A rate of interest that is higher than the rate allowed by law is referred to as usury. There are typically severe penalties for usury in most states, such as penalties for fines, or even the loss of interest and principal. The legally-required rate of interest is also referred to as the highest rate that lenders are able to charge for any legal claim that can be enforced in a court of law.

In the United States, individual states have the responsibility of establishing their own interest rates laws. Although this type of financial activity could be covered by the Constitution’s commerce clause, Congress has not traditionally been concerned with the issue of usury. The government regards that the collecting of interest through violent means a federal offense.

What is the legal rate of Interest is Applied different jurisdictions

Every state can set a legal interest rate by enacting the laws of their respective states. For example, New York set its interest rates quaterly. Delaware’s rate of interest is 5%1 above the Federal Reserve rate, which means it is subject to fluctuation.

Additionally to the above limits, each state generally sets separate general usury limits which could be higher. New York’s limit is 16%2 in civil usury and 25%3 for criminal usury. Banks and other lenders of financing who conduct business in the state of New York could be subject to that state’s legal rate of interest.

There are some exceptions and conditions that permit lenders charge rates that are higher than of a jurisdiction’s legal amount of interest. Customers can choose to waive this protection when they apply for credit. Some lenders and financiers might require an agreement be signed by customers in order to obtain any loan.

The language that grants the company the authority to offer higher interest rates might be included in the conditions of service. Agreeing to receive financing at the interest rate assigned by the lender may override any protections a legal rate of interest provides, regardless of regardless of whether the customer later declares that they fully understand her rights.

Special Considerations to the Legal Rate of Interest

The lending institution could be able to bypass a legal rate of interest through similar techniques used to circumvent usury laws. For instance credit card companies are allowed to charge interest rates in accordance with the state in which the company is formed rather than the states where their customers reside.

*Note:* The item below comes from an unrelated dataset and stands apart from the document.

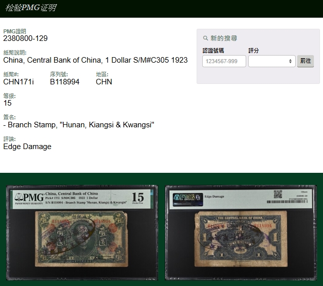 蟠龍拍賣網-中央銀行十二年湘贛桂通用券1元塗改成廣州總行,流通兌現時被發現後加蓋中央銀行總行湘贛桂三省通用券橢圓戳,鈔號B118994。此種1元的橢圓戳加蓋僅紀錄有3枚,這3枚中僅此一枚為廣州總行加蓋。PMG 15 Edge Damage。蘇駿「中央銀行紙幣•壹」第153頁原件。楊著「中央銀行銀元兑換券」第33頁(Page 40)

The lender could choose to be incorporated in a state such as Delaware that has less restrictive usury laws in comparison to the other states.

Credit card companies usually have the option of charging interest rates that are permitted by the state where the business was founded instead of adhering to the usury laws that apply to the states in which borrowers reside. Nationally chartered banks also have the option to use the highest interest permissible by the state in which the institution was established. Through incorporation into states like Delaware or South Dakota, lenders have traditionally enjoyed greater flexibility allowed in those states’ more relaxed laws on usury.